Open Design is our attempt at that missing layer. It’s not a chat product. It’s not a design tool that “uses AI under the hood.” It’s a thin skill layer — a folder of SKILL.md files, a portable library of design systems, and a daemon that auto-detects your existing CLI agents and wires them together.

This post explains why we made that choice, and what it implies for how you’ll use Open Design.

A product would be the wrong shape

The instinct, when starting an AI design project in 2026, is to build a new app: a chat interface, a canvas, a billing system, a model bill that grows linearly with your user count.

We considered that path and rejected it for three reasons:

  1. The chat interface is a commodity. Every user already has one. Adding a worse one helps nobody.
  2. The model bill is a tax on creativity. Bundling inference into the product means we have to mark it up, throttle long sessions, and ration model upgrades. None of that serves the designer.
  3. Lock-in is the wrong default. Designers should be able to leave with their files, their systems, their skills. A product wraps everything in proprietary state. A skill layer doesn’t.

So we built the layer instead. Drop a folder, restart the daemon, the skill appears. Take the folder with you, drop it into a different agent, the skill works there too.

What a skill actually is

A skill in Open Design is a SKILL.md file plus optional supporting assets in the same folder.
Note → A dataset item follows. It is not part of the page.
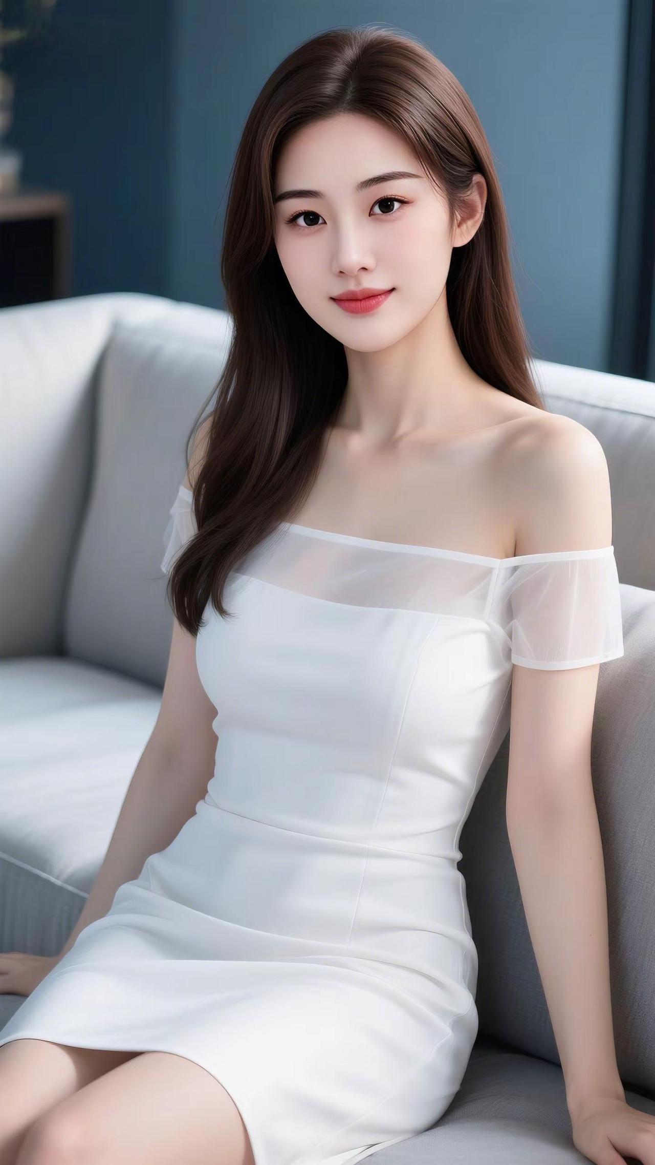 温柔甜美的少女,蓝色吊带裙搭配白色蝴蝶结,清新自然。

The Markdown file describes:

  • What the skill does — one paragraph, in plain English
  • When to invoke it — the trigger conditions, written so the agent can route correctly
  • The shape of the output — HTML, PDF, slides, a Markdown brief
  • The constraints — palette in OKLch, font stack, layout posture, brand vocabulary

The agent reads the file, decides whether to invoke, and writes the output to disk. There is no plugin system, no API surface, no version compatibility matrix. If you can write Markdown, you can ship a skill.
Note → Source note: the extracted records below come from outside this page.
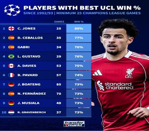 體育播報3月18日宣 德國轉(zhuǎn)會市場盤點了1992-93賽季歐冠改制以來,至少出戰(zhàn)25場比賽的球員勝率情況,利物浦的柯蒂斯·瓊斯以80%的勝率居首。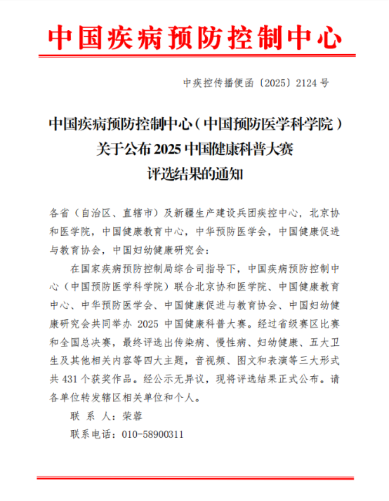 近日,在国家疾病预防控制局综合司指导下,中国疾病预防控制中心(中国预防医学科学院)联合多家权威机构共同主办的“2025中国健康科普大赛”顺利落下帷幕。经过省级赛区选拔与全国总决赛的激烈角逐,我院精心创作报送的科普作品《热情的陷阱》凭借其过硬的质量脱颖而出,斩获全国二等奖。这份荣誉不仅体现了国家级平台对我院科普创作能力的高度认可,更标志着我院健康科普工作迈上了新的台阶。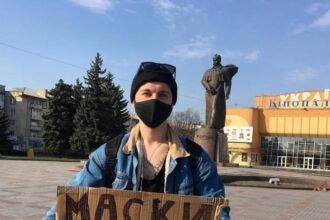 На майдані Незалежності у Рівному провели «захисну акцію». Парубок роздавав перехожим захисні маски.…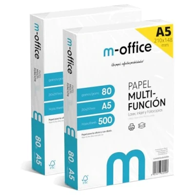 Paper: m-office paper has an A5 size (148x210 mm) with a weight of 80 g, contains 1000 white sheets. Made with durable materials ensuring excellent print and writing quality on every page. Variety of Paper Uses: One of the main uses of paper is for printing documents, for writing and drawing, for education and training...etc. A5 paper, with its dimensions of 14.8 x 21 cm, is ideal for carrying in purses and backpacks, making it perfect for taking quick notes at meetings or classes. MULTI-FUNCTION PAPER - A5 paper is also a popular format for taking notes, drawing and sketching. It is compatible with most home and office printers, allowing you to print documents, reports, and brochures without any size issues. PERFECT FOR DAILY AND OFFICE JOBS - Its compact size is perfect for use in personal journals, planners and planning notebooks, helping to organize daily tasks and long-term goals. With Environmental Certificates: The sheets are FSC certified (responsibly managed forests) and are 100% recyclable. Committed to the environment.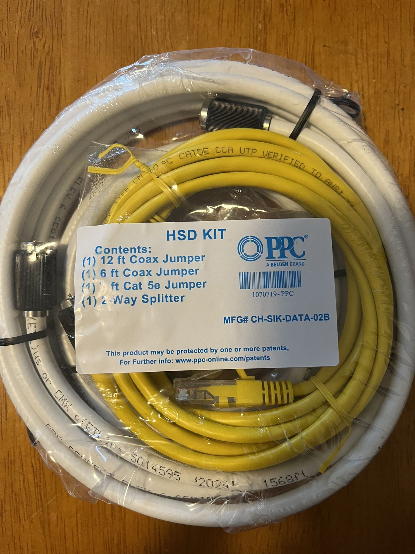 You can get this handy kit and have all your connection needs met. It includes a 12 ft coax jumper, a 6 ft coax jumper, a cat 5e jumper, and a 2 way splitter. It is all wrapped up in plastic, which is great.

This is intentional. We’ve watched plugin ecosystems decay for fifteen years — each one a trade between expressiveness and longevity, won by neither. Files are forever. Plugins are a snapshot of someone’s API in 2024.

Why systems are also Markdown

Open Design ships 72 design systems — Linear, Vercel, Stripe, Apple, Cursor, Figma, and more — as DESIGN.md files. Same idea: portable, readable, agent-ingestible.
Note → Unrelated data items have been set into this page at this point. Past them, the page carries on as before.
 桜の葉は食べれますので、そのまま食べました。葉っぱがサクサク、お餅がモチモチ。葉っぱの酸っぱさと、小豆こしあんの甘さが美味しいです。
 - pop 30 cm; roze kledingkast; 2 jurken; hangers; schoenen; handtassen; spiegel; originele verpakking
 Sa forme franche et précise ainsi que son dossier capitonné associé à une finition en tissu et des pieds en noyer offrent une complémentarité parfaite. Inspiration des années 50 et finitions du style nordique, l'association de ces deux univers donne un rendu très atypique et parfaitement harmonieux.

A design system, in this context, is not a Figma library. It’s a contract: here are the colors in OKLch, here is the type ramp, here is the spacing scale, here is the layout posture, here is the voice. The agent reads the contract and produces work that respects it.

You can fork a system, edit it in place, ship a variant. You can write your own from scratch in 30 minutes. You can mix systems mid-project — pull the typography from Linear, the color logic from Vercel, the layout from a custom in-house spec — because they’re all just text.

BYOK is the only honest model

Open Design runs on bring-your-own-key. You paste a base URL and an API key for any OpenAI-compatible endpoint — DeepSeek, Groq, OpenRouter, your own self-hosted vLLM — and you’re done.

We don’t run inference. We don’t take a margin on tokens. We don’t have a billing relationship with you. That’s not a sustainability problem — it’s the only honest answer to the question “who pays when the agent runs?”

The answer is: you do, directly, to the model provider you chose. We get out of the way.

What this means for you

If you want a polished SaaS with a nice chat box and a single subscription, we’re not the right tool. There are good products in that shape — use them.

If you want a workflow where:

  • the agent you already trust does the work,
  • the skills are files you can read and edit,
  • the design systems are portable across projects and agents,
  • and the bill goes to the model provider, not us —

then Open Design is built for you. Drop into the GitHub repo, run pnpm tools-dev, point your agent at a skill, and ship.

The skill layer wins because it doesn’t compete with the agent on your laptop. It augments it.